## PROBLEM REQUIREMENTS
Write the data out in full and word for word. Do not include images.

## STORED DATA
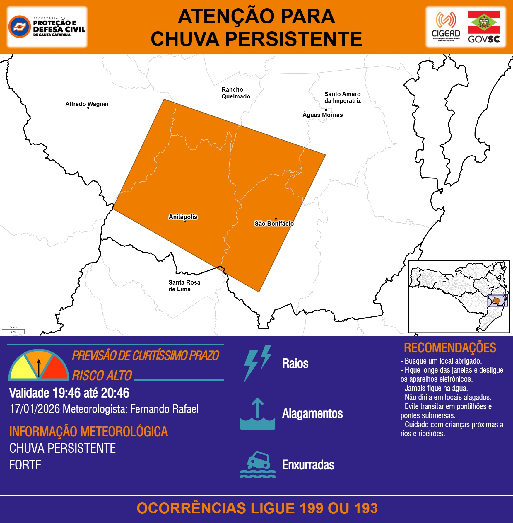 ATENÇÃO – 17/01 19:46 – CHUVA PERSISTENTE de intensidade forte com RAIOS, ALAGAMENTOS e risco de ENXURRADAS para os municípios de Alfredo Wagner, Anitápolis, Rancho Queimado, Santa Rosa de Lima, Santo Amaro da Imperatriz, São Bonifácio, São Martinho e Águas Mornas na próxima hora. Ocorrências ligue 199 ou 193.
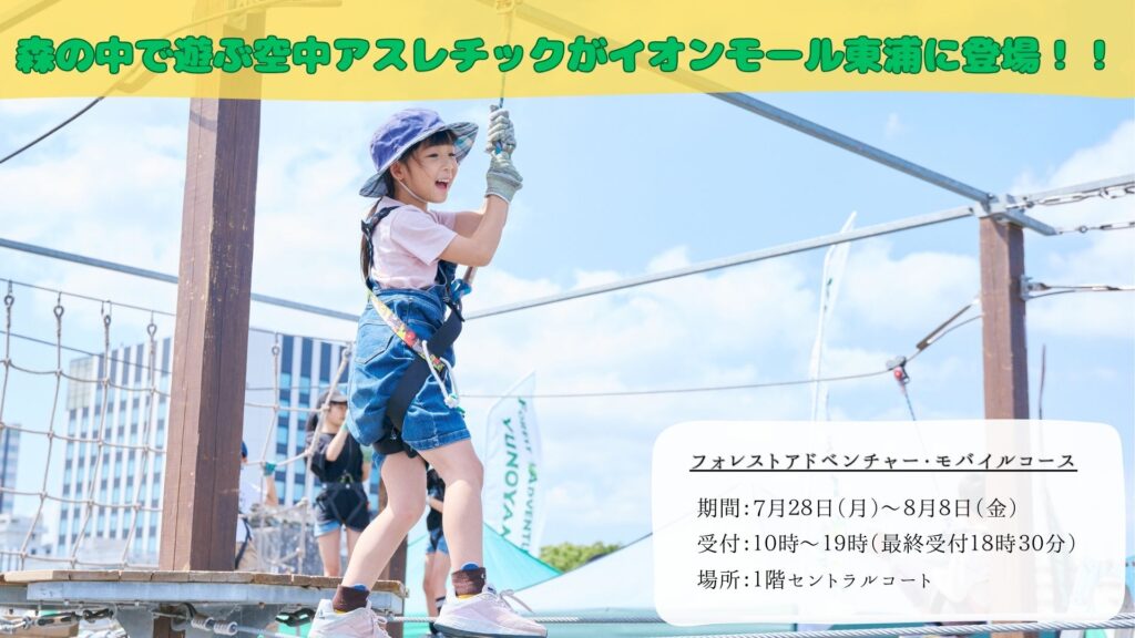 『イオンモール東浦』の1階セントラルコートに、スリル満点の空中アスレチック「フォレストアドベンチャー・モバイルコース」が登場します。今年の夏は、屋内で涼しくアクティブな体験を挑戦しに来てください! 【出店概要】場所:イオンモール東浦 セント...
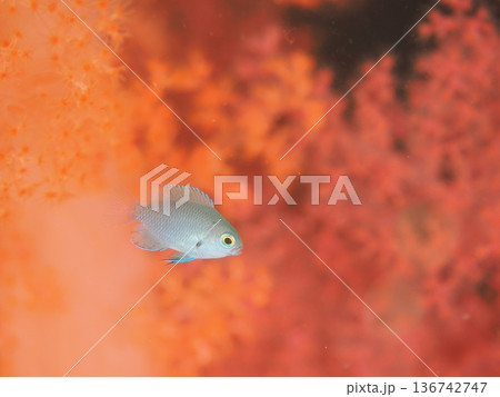 ソフトコーラルの中で泳ぐスズメダイ
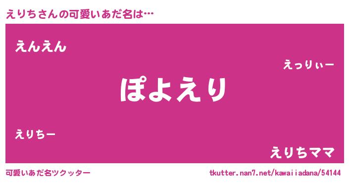 | 恥ずかしいあだ名 | 『プリティーえりち』『えりちん』 |

## WRITTEN RESPONSE
 ATENÇÃO – 17/01 19:46 – CHUVA PERSISTENTE de intensidade forte com RAIOS, ALAGAMENTOS e risco de ENXURRADAS para os municípios de Alfredo Wagner, Anitápolis, Rancho Queimado, Santa Rosa de Lima, Santo Amaro da Imperatriz, São Bonifácio, São Martinho e Águas Mornas na próxima hora. Ocorrências ligue 199 ou 193.
 『イオンモール東浦』の1階セントラルコートに、スリル満点の空中アスレチック「フォレストアドベンチャー・モバイルコース」が登場します。今年の夏は、屋内で涼しくアクティブな体験を挑戦しに来てください! 【出店概要】場所:イオンモール東浦 セント...
 ソフトコーラルの中で泳ぐスズメダイ
 | 恥ずかしいあだ名 | 『プリティーえりち』『えりちん』 |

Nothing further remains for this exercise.